Le cinéma de Wajda est particulier, il n'y a pas de prouesse d'images, le scénario est assez fragmentaire, il enchaîne les séquences fortes de la vie de ce peintre, sa perte de travail, de reconnaissance et de dignité, pourtant le film est très profond, ancré dans l'Histoire comme dans ses personnages. On comprend vite comment les choses vont évoluer mais la force du film tient dans un invisible, celui de la politique stalinienne qui broie tout sur son passage, toutes différences d'être, de pensée. 

Le film permet de comprendre à quel point ce qui n'est "rien", une image, une peinture, une posture, une vision différente du monde peut provoquer la haine la plus profonde, mener à la destruction. Penser le monde en dynamiques géométriques, ramener un paysage à sa ligne, à sa couleur, autant de choses qui paraissent inoffensives mais que le film montre, avec brio, comme étant insupportables pour un régime non démocratique.
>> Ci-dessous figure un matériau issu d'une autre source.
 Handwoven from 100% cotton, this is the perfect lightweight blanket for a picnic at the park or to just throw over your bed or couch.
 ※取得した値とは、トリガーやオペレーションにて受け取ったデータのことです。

Soudainement, on mesure en quoi l'Art est un gigantesque souffle, indispensable à toute démocratie, et comment, de lois en règles absurdes, de textes en définitions de ce que doit être l'art, on en arrive à broyer une pensée, un homme.

Plus de statut, donc plus de travail, plus de travail, donc plus d'argent, plus d'argent donc plus de statut...la fragilité du corps et de l'époque s'y ajoutant, la fin n'en est que prévisible.
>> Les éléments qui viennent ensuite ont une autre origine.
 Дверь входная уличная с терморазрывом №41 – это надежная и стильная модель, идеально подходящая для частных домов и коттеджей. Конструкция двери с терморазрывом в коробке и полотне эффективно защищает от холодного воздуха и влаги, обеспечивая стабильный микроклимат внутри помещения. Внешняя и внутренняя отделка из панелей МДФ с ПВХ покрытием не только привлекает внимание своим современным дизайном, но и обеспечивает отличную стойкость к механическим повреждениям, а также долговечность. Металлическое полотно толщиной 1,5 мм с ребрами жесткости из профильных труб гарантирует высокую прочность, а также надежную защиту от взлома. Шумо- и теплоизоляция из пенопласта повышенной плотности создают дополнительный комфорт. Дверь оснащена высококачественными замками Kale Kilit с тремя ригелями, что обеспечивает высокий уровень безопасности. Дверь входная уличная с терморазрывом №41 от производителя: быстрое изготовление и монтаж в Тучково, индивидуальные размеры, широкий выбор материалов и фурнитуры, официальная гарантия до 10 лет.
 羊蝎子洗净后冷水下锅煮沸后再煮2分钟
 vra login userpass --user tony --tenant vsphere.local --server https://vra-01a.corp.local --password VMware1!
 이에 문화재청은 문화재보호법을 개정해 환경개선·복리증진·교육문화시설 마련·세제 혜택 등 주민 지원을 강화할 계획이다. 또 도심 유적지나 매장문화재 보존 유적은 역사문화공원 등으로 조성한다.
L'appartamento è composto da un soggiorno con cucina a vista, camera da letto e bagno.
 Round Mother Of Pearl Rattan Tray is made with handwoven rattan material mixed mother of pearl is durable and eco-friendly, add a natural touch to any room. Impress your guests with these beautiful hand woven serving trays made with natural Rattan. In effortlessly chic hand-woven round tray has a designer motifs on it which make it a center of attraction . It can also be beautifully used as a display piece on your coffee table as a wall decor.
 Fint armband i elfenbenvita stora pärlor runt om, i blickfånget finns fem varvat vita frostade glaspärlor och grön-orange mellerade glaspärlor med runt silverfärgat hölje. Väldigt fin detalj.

Pourtant, on suit le film avec intérêt, notamment grâce à un personnage secondaire, la fille du peintre et de sa femme (l'artiste célèbre Katarzyna Kobro) : la fille au manteau rouge qui saisit tout et ne laisse rien transparaître du drame qui est à l'œuvre.

Le film sourd de ses absences d'images, jamais on ne voit l'ex femme, ni de démonstrations politiques lourdes ou appuyées. On voit un peintre qui travaille, assis sur le sol, persiste à ressentir, exprimer sa vision de l'art, tout en voyant le piège se refermer sur lui. 

Et l'on comprend au détour de quelques séquences, la puissance du mouvement néoplasticiste, comment des lignes droites, des couleurs pures et l'absence de volonté de figurer dérange, perturbe, déplace le centre de gravité de nos habitudes, jusqu'à rendre les pouvoirs autoritaires fous. Alors on renverse, détruit, efface...une puissante démonstration des limites de l'égalité absolue, celle qui broie la différence, l'expression individuelle et qui permet de comprendre en quoi isoler la Liberté, l'Egalité ou la Fraternité de leurs interdépendances permet au gouvernement, doucement puis violemment de basculer dans la dictature.

La poésie est un autre fil conducteur du film, elle lui donne son titre, et le film se clôt presque sur l'autre versant de ce qui guide, renforce, galvanise un artiste, l'amour, tout simplement.

Un film précieux comme un témoignage de l'attention à porter aux artistes, précieux aussi pour comprendre jusqu'où l'art peut être signe de démocratie.

Une occasion aussi de se laisser à nouveau déranger, bouleverser par le néoplasticisme, un art à la fois froid et bouillant, une tentative encore non aboutie de faire se rejoindre l'art et la vie.